*WORK TO BE COMPLETED:* For this exercise, write out only the lines of the entries below from the one with "Displays the status" up to and including the one with "It became my", exactly as they are. Pictures stay out.

*EXTRACTED DATA:*
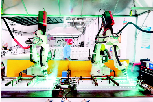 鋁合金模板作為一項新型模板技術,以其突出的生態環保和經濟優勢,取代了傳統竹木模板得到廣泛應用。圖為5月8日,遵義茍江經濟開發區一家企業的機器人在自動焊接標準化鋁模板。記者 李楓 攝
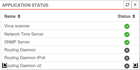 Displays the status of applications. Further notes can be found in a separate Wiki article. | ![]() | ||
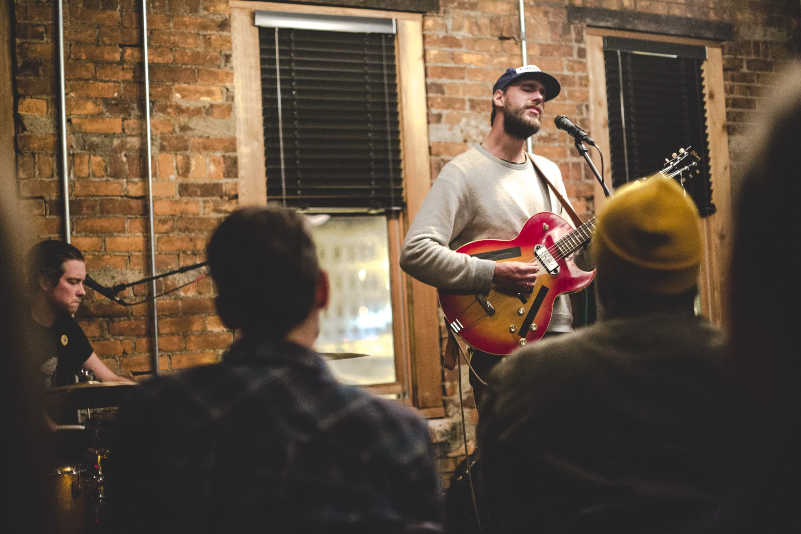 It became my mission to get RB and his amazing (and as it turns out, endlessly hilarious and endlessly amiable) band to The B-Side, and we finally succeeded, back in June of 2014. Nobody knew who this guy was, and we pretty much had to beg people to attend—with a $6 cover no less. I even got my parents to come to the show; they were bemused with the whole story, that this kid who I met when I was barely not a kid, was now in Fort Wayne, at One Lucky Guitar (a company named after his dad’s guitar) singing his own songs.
--
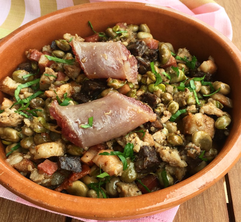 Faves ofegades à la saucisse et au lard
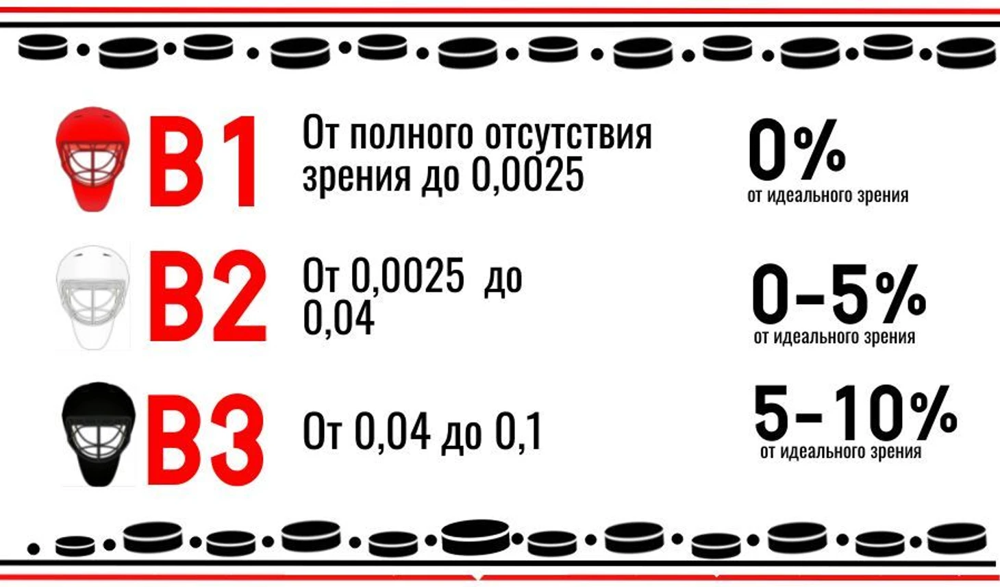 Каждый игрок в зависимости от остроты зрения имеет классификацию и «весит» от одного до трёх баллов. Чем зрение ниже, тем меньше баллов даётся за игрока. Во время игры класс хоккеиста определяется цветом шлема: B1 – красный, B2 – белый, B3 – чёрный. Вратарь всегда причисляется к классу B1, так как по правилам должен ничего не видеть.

*ANSWER BOX:*
 Displays the status of applications. Further notes can be found in a separate Wiki article. | ![]() | ||
 It became my mission to get RB and his amazing (and as it turns out, endlessly hilarious and endlessly amiable) band to The B-Side, and we finally succeeded, back in June of 2014. Nobody knew who this guy was, and we pretty much had to beg people to attend—with a $6 cover no less. I even got my parents to come to the show; they were bemused with the whole story, that this kid who I met when I was barely not a kid, was now in Fort Wayne, at One Lucky Guitar (a company named after his dad’s guitar) singing his own songs.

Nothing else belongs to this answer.